Anyway, apart from food, the best thing about that year was the people who looked out for me and let me live in their homes. The Butler family and the Slussers, and the Wallers whose daughters were at school with me and who made it their priority to give me a great time. They took me
everywhere
. We went on boat trips and sightseeing tours to art galleries, shops, museums, the theatre, movies, skiing trips in Vermont, and holidays by lakes to see the fall in New England. There were parties and Halloween and Thanksgiving and Independence Day and St Patrick’s Day celebrations. All new, all exciting. I went to Yale with Winnie, a girl in my class, on a three-day college visit to see if this was where she wanted to study. For the first time ever, I was the only white person in a hall full of hundreds of black students going through the process of positive discrimination and minority admissions. I was brought up to speed very quickly about the situation for black students in Ivy League colleges, which was both
shocking
and hopeful. I had a week in Washington DC living with a clever writer who made it her mission to familiarise me with US politics and culture.

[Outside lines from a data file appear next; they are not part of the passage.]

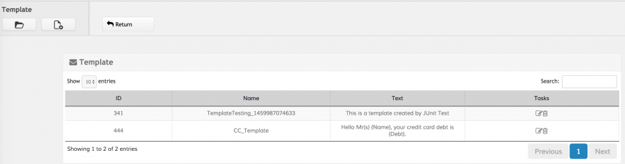 The main templates screen shows all the templates that are currently configured and active. The IDs are unique for each template. From here we can edit, delete or create a new Template:
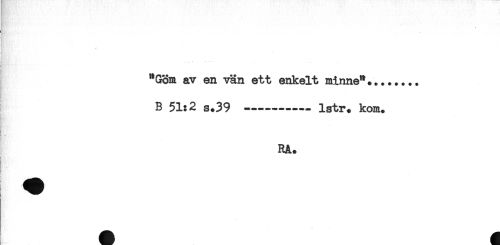 //// < //// i //// "Gon av en vän ett enkelt minne**....... //// B 51:2 s.39 ----- Istr* kom* //// t'!; ' //// t //// t //// RA. //// < //// ! //// i ////
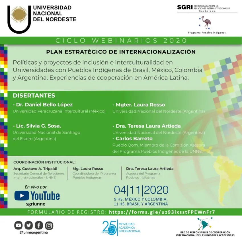 Experiencias de Cooperación en América Latina" que se enmarca en el Proyecto de Fortalecimiento de la Internacionalización de la Educación Superior promovido por la UNNE organizado por la Secretaría General de Relaciones Interinstitucionales (SGRI) junto al Programa Pueblos Indígenas (PPI) de la UNNE.
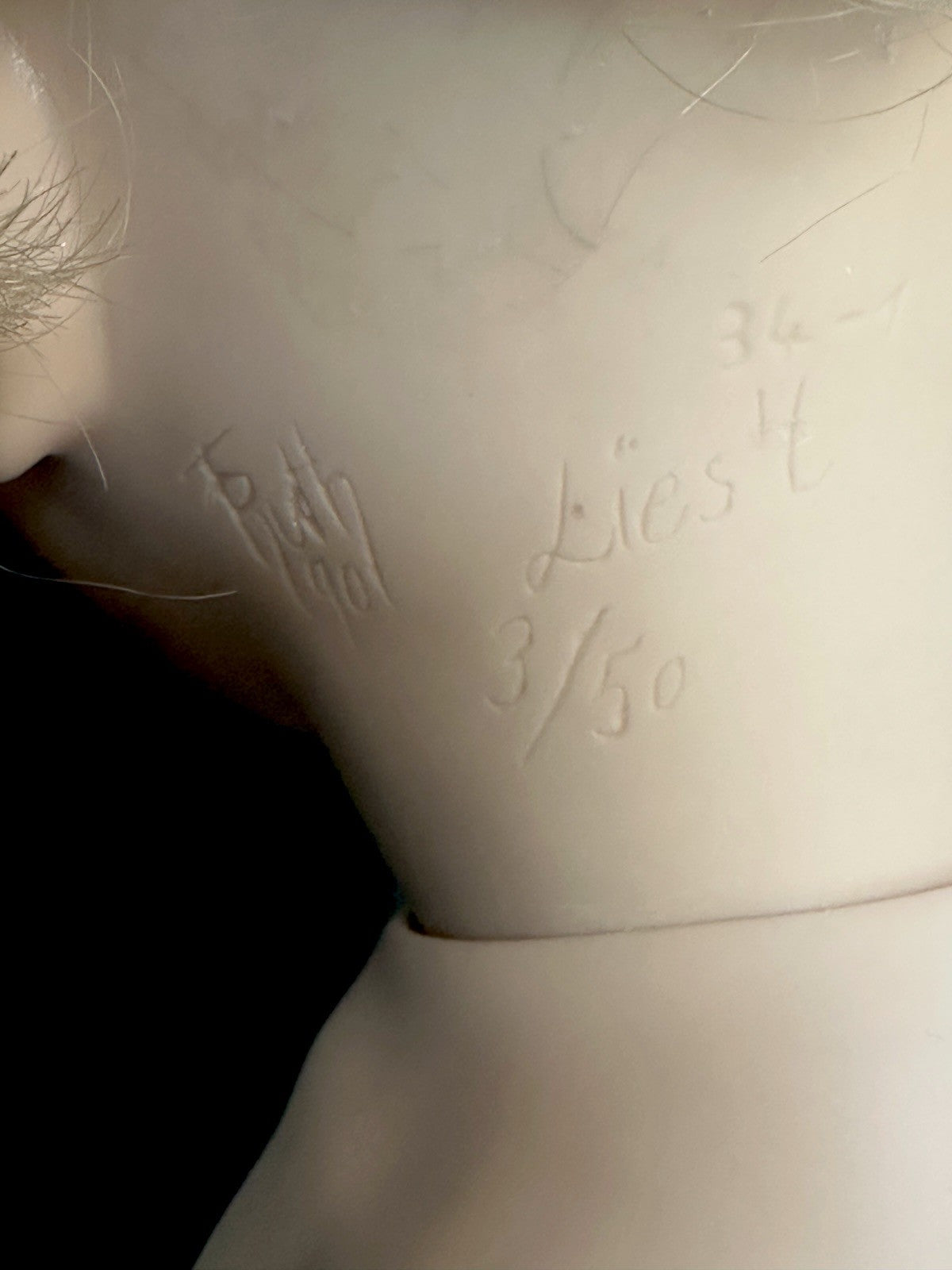 Hard to find Artist porcelain doll by Ruth Treffeisen. She is a limited edition of 50 dolls worldwide!!!! Her name is Lies'l. She has porcelain swivel head, shoulder plate, partial arms and legs below the knees. The rest of her body is stuffed cloth. Beautiful face painting; her hair feels like human hair. Signed and numbered on her neck. Comes in a simple (not signed) box and with her COA. Small stain to her cloth body - see photo.

A crash course I was so privileged to have. Back in New York, I heard opera, I saw ballet, I skated on ice under the magnificent Rockefeller Center, I window-shopped at Tiffany’s, I went to delis, and Saks, and ball games and I wore a baseball cap. It couldn’t have been more Yank.

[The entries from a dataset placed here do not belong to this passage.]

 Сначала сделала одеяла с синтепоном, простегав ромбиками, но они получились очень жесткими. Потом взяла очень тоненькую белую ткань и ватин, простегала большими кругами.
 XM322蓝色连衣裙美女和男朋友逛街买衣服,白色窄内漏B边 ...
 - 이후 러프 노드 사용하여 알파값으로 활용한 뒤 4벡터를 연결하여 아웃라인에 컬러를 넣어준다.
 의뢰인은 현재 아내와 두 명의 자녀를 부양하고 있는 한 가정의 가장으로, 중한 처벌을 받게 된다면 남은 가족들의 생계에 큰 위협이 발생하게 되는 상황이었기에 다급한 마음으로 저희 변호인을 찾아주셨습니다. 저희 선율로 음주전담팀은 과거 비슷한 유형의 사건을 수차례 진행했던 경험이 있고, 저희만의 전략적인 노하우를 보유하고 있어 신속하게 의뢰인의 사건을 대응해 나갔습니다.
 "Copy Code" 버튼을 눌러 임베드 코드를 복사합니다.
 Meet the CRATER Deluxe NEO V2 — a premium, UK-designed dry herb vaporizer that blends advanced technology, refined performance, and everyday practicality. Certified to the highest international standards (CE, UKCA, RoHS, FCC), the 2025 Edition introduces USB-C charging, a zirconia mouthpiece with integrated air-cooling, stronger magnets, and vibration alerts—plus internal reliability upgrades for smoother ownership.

Some of the best fun was had when my Uncle Mike, who was a professor of American history at the University of Michigan in Ann Arbor, came to visit me in NY. He took me down to the Village to hear Stan Getz in a smoky jazz club, and to see the Andrew Wyeth exhibition and out to Ellis Island to see the Statue of Liberty and to understand how New York had evolved, with all the tired immigrants arriving by boat with one suitcase each. He explained how families were divided and quarantined and how so many didn’t survive the port authorities’ strict process. He knew it was important for me to understand America a bit and not just eat pizza. He conceded that pizza, however, is an important factor … After all, as Thomas Hughes tells us in
Tom Brown’s Schooldays
, ‘Life isn’t all beer and skittles; but beer and skittles, or something better of the same sort [pizza, surely?], must form a good part of every Englishman’s education.’ Hear, hear.